The rules of grammar in regards to the indefinite articles a/an are pretty straightforward (with a few exceptions of course): if a word begins with a consonant - use a, if it begins with a vowel - use an. However, lately I've been catching myself saying "an mp3" instead of "a mp3," which, under the rules as I understand it, is incorrect. But...I've tried saying "a mp3" and I always end up spitting out "an mp3" instead. The former just sounds so unnatural to me. I'm thinking it has something to do with the fact that you say the letter 'm' directly instead of combining it with some other sound - "a marine" for example (which I have no trouble saying as such), and that perhaps 'm' is next to 'n' in the alphabet.

So my question is - what do you say? Mp3 is a relatively new word so I've been unable to find any grammar examples referring to this. And a google search on both phrases reveals people using both phrases...English is my native language btw.
posted by tastycracker to Writing & Language (25 answers total) 1 user marked this as a favorite
 
I say "an mp3". For sure.

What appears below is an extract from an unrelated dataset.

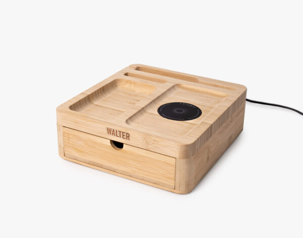 Walter Big Dock Bamboo Draadloze Oplader – Bureau Opbergbakje

I have never heard "a mp3".
posted by lohmannn at 6:36 AM on March 25, 2008


"an". Link.
posted by Leon at 6:38 AM on March 25, 2008 [1 favorite]

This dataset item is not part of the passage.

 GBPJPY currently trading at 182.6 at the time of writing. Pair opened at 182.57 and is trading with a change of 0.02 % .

IANAG (grammaticist), but I think when it's an abbreviation, and/or there is a vowel sound at the beginning of a word, you use "an". So it would be "an mp3".
posted by Grither at 6:38 AM on March 25, 2008


I do it exactly the same way as you. It's not how it's spelt, it's how it sounds.

Does it feel more comfortable if you write it like this: "An emm pee three"?

I'd also say "An SQL database" and "An NVQ"
posted by Magnakai at 6:38 AM on March 25, 2008


An mp3. Use "an" when the word begins with a vowel sound, even if the first letter is a consonant.
posted by donajo at 6:38 AM on March 25, 2008


It's not "If it begins with a vowel use 'an'" but "If it begins with a vowel sound use 'an.'"

An ending. An honor. An MRI. An mp3.

A hippo. A mouse. A cat.
posted by sjl7678 at 6:40 AM on March 25, 2008


The grammar rule I was taught is: " if a word begins with a consonant sound- use a, if it begins with a vowel sound- use an."

Thus: "an em pee three"
posted by majick at 6:40 AM on March 25, 2008


An Emm Pee Three.

The word Emm begins with a vowel, doesn't it?

I saw an Eff Sixteen (An F-16) fly over.
posted by bondcliff at 6:42 AM on March 25, 2008


The rules of grammar in regards to the indefinite articles a/an are pretty straightforward (with a few exceptions of course): if a word begins with a consonant - use a, if it begins with a vowel - use an.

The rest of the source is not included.